(Assigned task):
Look below for the line with "马克思主义学院2022级团支" and the line with "リングの上で最大4人が押し合"; repeat exactly those two lines and all lines between them, but no pictures.

(Data for the task):
----

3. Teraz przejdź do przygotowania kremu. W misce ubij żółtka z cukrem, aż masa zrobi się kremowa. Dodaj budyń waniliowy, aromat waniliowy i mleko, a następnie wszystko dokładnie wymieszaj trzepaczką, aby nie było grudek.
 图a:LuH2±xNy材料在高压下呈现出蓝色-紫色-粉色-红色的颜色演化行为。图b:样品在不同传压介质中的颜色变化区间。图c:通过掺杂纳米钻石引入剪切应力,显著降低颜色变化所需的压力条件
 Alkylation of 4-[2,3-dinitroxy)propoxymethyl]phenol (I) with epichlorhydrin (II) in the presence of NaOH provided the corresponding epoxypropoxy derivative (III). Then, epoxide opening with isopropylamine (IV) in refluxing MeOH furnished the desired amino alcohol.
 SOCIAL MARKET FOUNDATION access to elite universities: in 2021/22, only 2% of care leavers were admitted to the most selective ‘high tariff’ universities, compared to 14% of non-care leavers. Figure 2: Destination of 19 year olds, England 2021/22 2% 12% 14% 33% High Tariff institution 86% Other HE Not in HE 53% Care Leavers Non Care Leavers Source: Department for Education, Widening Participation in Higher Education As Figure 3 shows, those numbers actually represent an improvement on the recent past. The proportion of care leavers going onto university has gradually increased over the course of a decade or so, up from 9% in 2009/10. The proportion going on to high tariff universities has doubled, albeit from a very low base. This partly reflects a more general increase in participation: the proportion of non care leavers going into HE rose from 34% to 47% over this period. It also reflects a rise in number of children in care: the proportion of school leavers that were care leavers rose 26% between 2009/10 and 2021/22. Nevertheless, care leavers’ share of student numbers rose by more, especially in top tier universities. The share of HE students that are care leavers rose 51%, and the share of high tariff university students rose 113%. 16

----

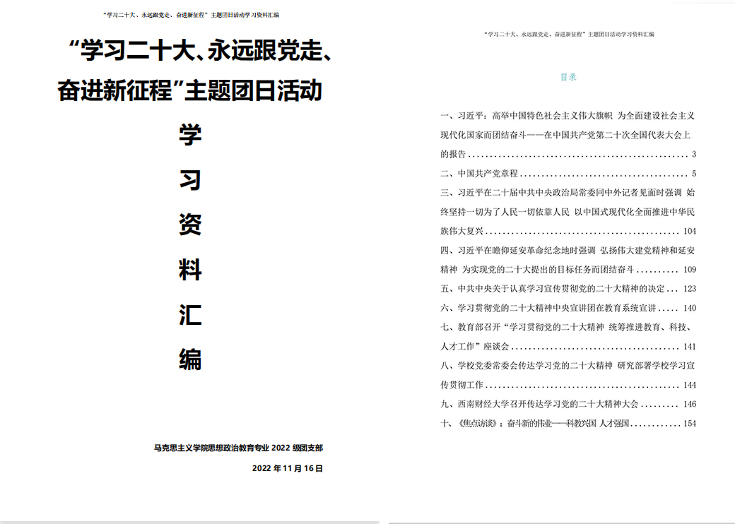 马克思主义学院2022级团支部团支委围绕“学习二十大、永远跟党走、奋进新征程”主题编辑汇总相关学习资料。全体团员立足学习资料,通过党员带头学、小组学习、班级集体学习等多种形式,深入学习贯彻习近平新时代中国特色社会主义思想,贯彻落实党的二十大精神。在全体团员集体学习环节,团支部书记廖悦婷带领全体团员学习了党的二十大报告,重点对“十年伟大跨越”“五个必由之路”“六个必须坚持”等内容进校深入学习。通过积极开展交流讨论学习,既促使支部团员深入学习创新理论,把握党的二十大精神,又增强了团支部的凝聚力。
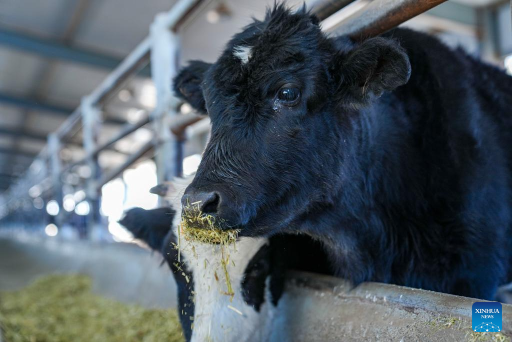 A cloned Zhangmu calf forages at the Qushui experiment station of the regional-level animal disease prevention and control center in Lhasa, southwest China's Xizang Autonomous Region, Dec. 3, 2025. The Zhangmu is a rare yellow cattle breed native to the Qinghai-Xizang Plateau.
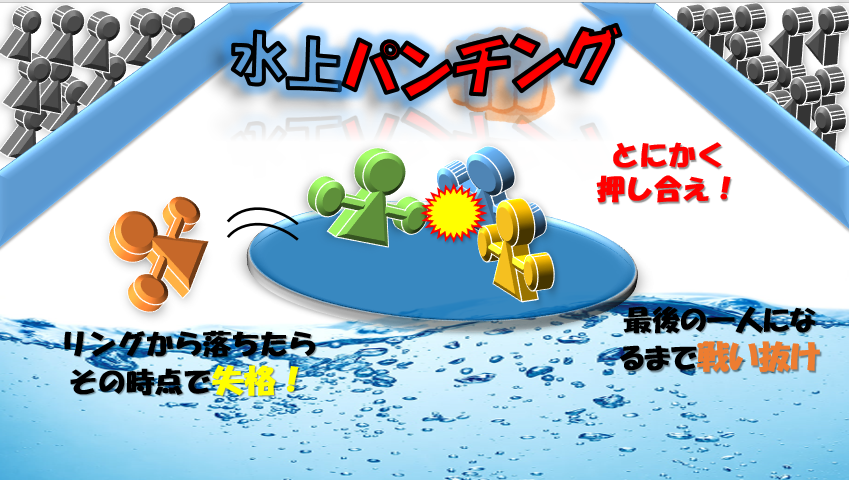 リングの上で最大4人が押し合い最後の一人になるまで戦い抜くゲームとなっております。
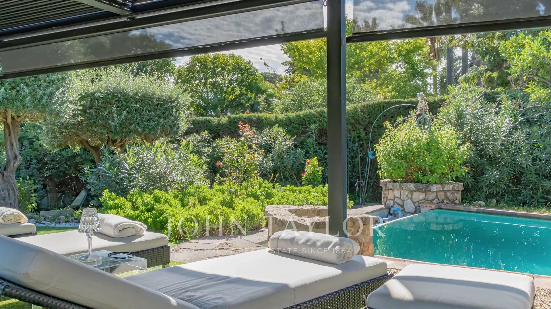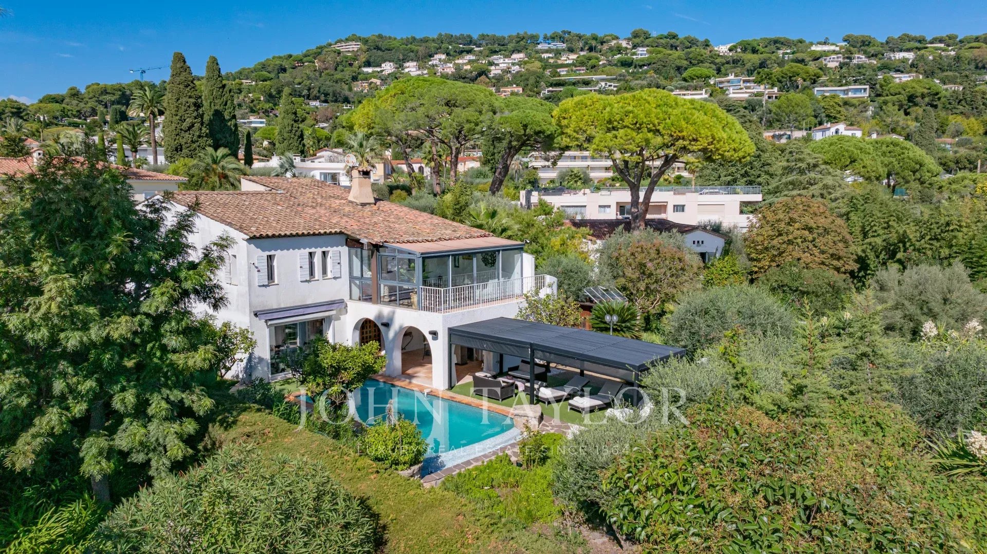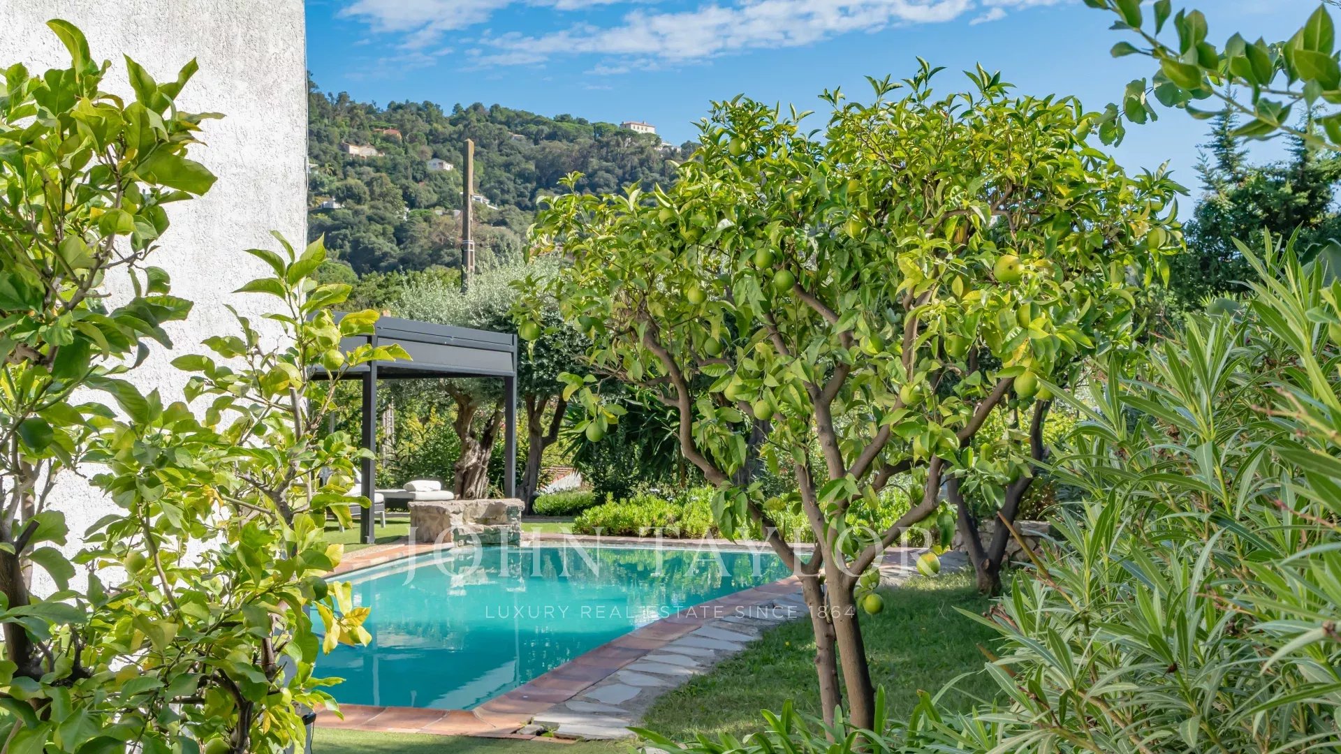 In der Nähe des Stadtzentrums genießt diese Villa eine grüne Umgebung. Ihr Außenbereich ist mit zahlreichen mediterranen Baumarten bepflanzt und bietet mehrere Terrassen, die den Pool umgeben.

----

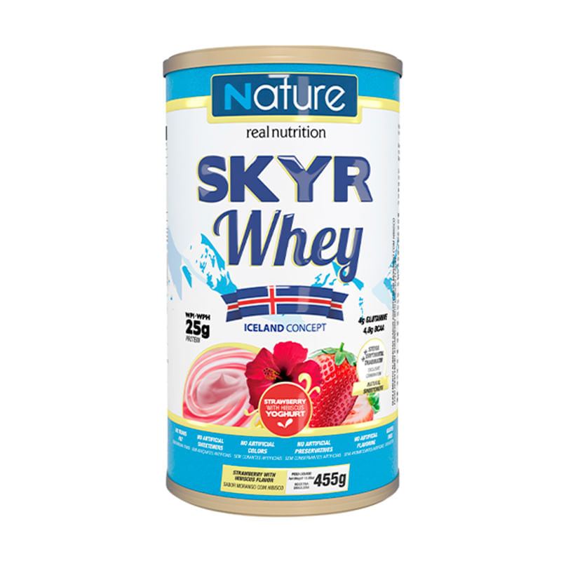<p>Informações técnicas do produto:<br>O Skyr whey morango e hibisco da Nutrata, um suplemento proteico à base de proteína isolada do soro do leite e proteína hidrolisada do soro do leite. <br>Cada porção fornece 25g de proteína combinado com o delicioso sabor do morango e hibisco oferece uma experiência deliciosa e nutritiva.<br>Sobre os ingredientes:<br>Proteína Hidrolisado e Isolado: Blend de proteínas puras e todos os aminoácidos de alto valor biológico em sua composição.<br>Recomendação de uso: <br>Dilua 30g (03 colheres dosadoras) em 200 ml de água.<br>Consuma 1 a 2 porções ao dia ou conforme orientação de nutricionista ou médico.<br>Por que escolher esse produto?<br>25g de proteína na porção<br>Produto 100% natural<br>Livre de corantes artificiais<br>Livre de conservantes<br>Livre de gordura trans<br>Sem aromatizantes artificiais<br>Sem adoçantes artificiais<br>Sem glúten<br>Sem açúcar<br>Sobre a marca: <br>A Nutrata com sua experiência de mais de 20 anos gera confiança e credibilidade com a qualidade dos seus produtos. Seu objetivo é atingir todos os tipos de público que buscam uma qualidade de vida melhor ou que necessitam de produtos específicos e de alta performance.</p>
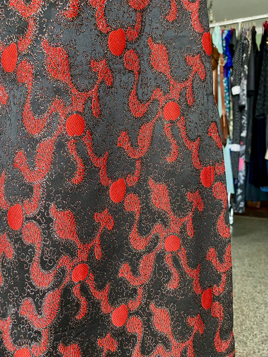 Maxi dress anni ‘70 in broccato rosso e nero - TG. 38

----

(Task result):
 马克思主义学院2022级团支部团支委围绕“学习二十大、永远跟党走、奋进新征程”主题编辑汇总相关学习资料。全体团员立足学习资料,通过党员带头学、小组学习、班级集体学习等多种形式,深入学习贯彻习近平新时代中国特色社会主义思想,贯彻落实党的二十大精神。在全体团员集体学习环节,团支部书记廖悦婷带领全体团员学习了党的二十大报告,重点对“十年伟大跨越”“五个必由之路”“六个必须坚持”等内容进校深入学习。通过积极开展交流讨论学习,既促使支部团员深入学习创新理论,把握党的二十大精神,又增强了团支部的凝聚力。
 A cloned Zhangmu calf forages at the Qushui experiment station of the regional-level animal disease prevention and control center in Lhasa, southwest China's Xizang Autonomous Region, Dec. 3, 2025. The Zhangmu is a rare yellow cattle breed native to the Qinghai-Xizang Plateau.
 リングの上で最大4人が押し合い最後の一人になるまで戦い抜くゲームとなっております。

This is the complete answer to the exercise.